- Task directions
Lines from the one with "长红丁也是近期通过球通精英引" up to and including the one with "NSƯT Hữu Quốc" are to be copied exactly from the records below, without their pictures.
START Records shown
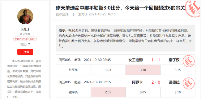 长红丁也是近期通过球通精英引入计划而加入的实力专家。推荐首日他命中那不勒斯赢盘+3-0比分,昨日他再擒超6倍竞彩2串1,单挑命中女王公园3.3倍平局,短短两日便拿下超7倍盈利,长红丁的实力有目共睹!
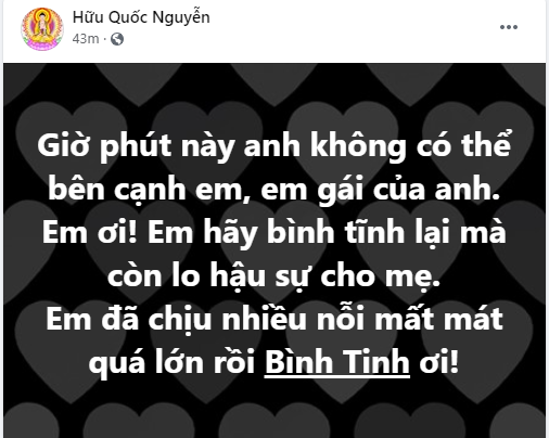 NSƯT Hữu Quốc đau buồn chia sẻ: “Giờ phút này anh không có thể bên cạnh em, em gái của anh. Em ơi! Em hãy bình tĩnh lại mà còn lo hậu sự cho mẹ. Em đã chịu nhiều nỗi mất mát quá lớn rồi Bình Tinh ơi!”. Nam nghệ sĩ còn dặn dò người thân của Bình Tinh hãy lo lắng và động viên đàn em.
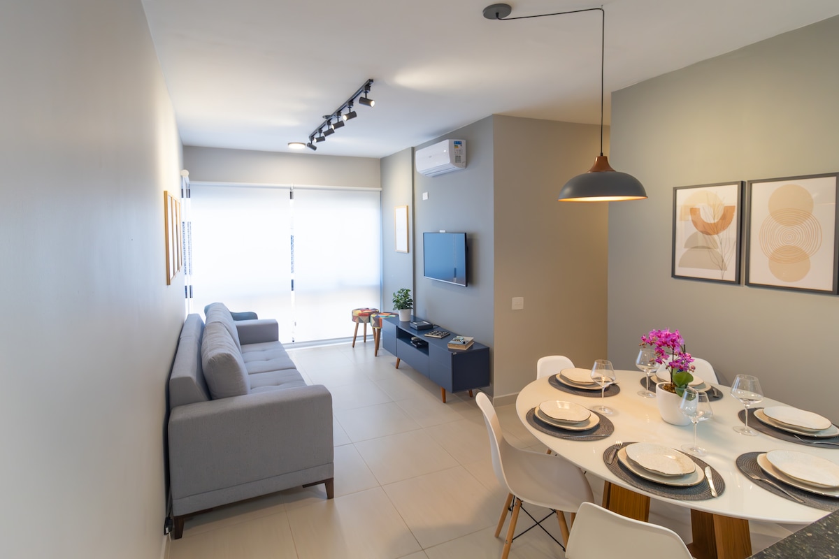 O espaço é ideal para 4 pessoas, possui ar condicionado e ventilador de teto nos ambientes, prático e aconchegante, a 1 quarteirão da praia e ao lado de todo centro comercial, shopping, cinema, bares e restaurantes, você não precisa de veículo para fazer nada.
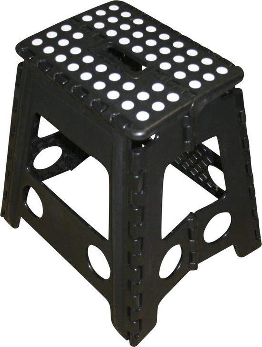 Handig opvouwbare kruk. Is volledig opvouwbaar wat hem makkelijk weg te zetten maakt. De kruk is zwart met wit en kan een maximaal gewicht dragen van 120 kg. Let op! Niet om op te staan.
END Records shown
START Records shown
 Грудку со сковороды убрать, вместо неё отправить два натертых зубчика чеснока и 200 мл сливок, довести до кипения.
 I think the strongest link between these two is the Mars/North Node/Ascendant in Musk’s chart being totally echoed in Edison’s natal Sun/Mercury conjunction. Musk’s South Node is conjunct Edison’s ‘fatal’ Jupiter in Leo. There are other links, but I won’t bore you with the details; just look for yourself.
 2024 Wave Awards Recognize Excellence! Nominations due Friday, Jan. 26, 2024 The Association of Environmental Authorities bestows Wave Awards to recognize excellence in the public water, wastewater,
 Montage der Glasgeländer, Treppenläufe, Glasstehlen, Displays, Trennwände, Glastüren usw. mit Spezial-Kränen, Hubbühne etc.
END Records shown
START Records shown
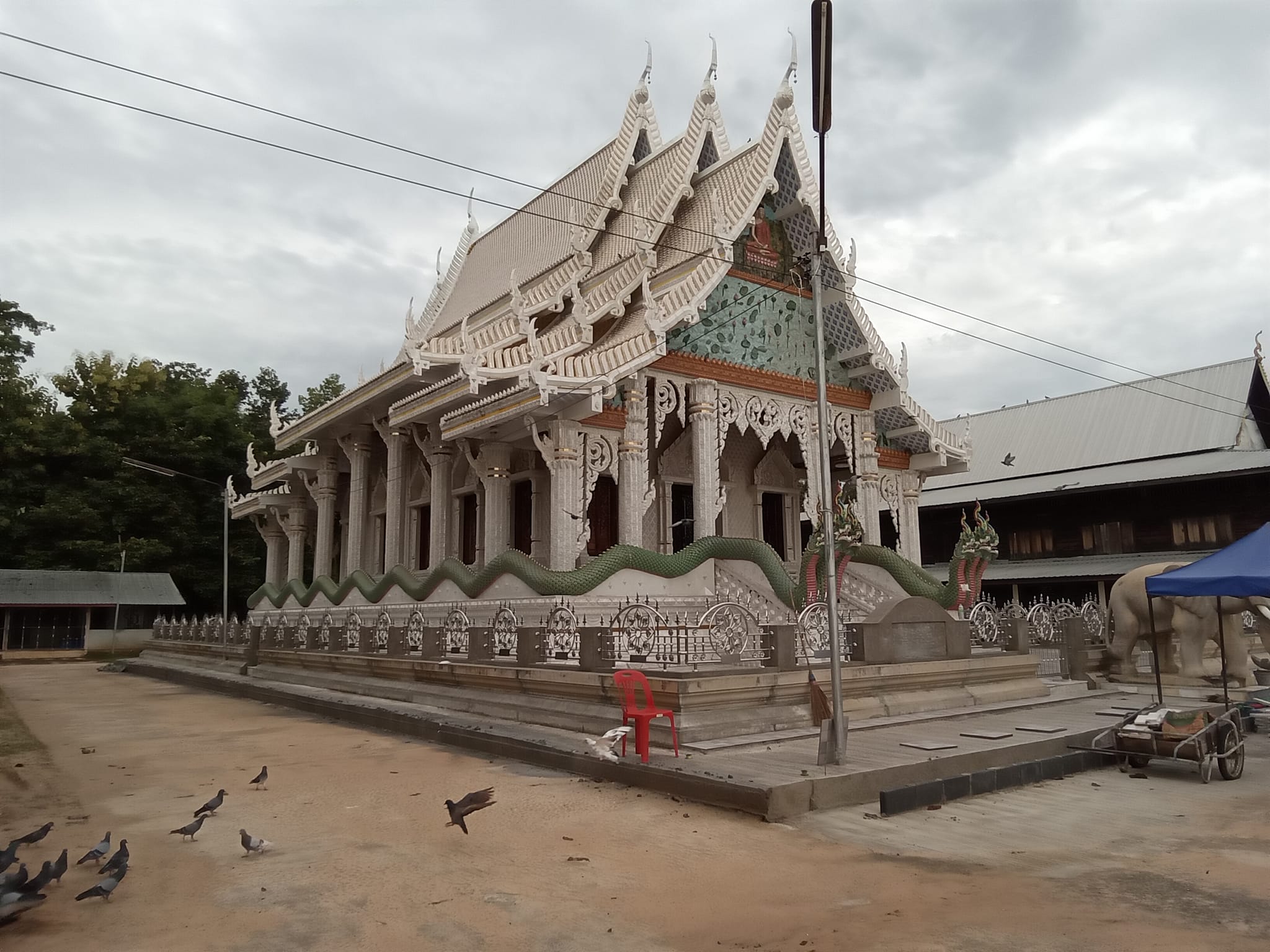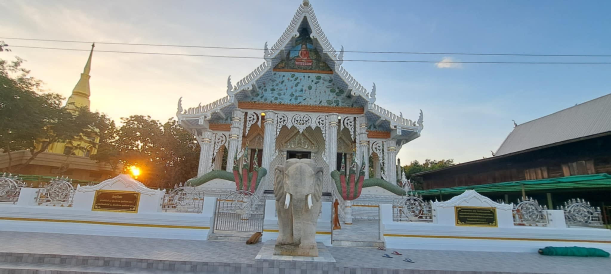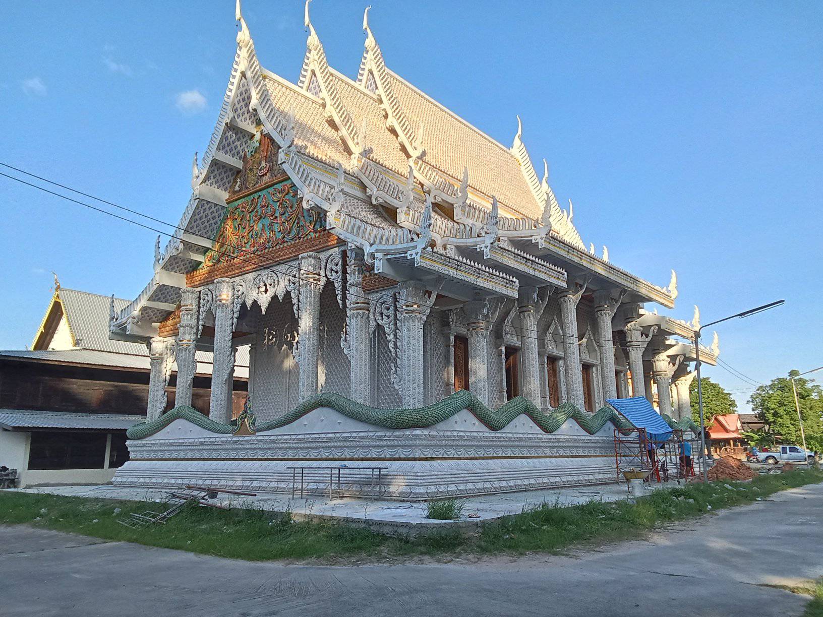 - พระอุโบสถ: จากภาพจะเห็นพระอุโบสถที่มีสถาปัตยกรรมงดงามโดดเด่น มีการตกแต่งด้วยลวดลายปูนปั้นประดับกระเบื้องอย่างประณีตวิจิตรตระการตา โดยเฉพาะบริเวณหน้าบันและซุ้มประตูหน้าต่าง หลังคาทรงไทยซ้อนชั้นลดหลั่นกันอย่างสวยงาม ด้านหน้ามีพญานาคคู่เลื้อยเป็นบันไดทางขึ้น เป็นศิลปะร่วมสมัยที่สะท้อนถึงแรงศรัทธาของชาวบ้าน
END Records shown
- Exercise solution
 长红丁也是近期通过球通精英引入计划而加入的实力专家。推荐首日他命中那不勒斯赢盘+3-0比分,昨日他再擒超6倍竞彩2串1,单挑命中女王公园3.3倍平局,短短两日便拿下超7倍盈利,长红丁的实力有目共睹!
 NSƯT Hữu Quốc đau buồn chia sẻ: “Giờ phút này anh không có thể bên cạnh em, em gái của anh. Em ơi! Em hãy bình tĩnh lại mà còn lo hậu sự cho mẹ. Em đã chịu nhiều nỗi mất mát quá lớn rồi Bình Tinh ơi!”. Nam nghệ sĩ còn dặn dò người thân của Bình Tinh hãy lo lắng và động viên đàn em.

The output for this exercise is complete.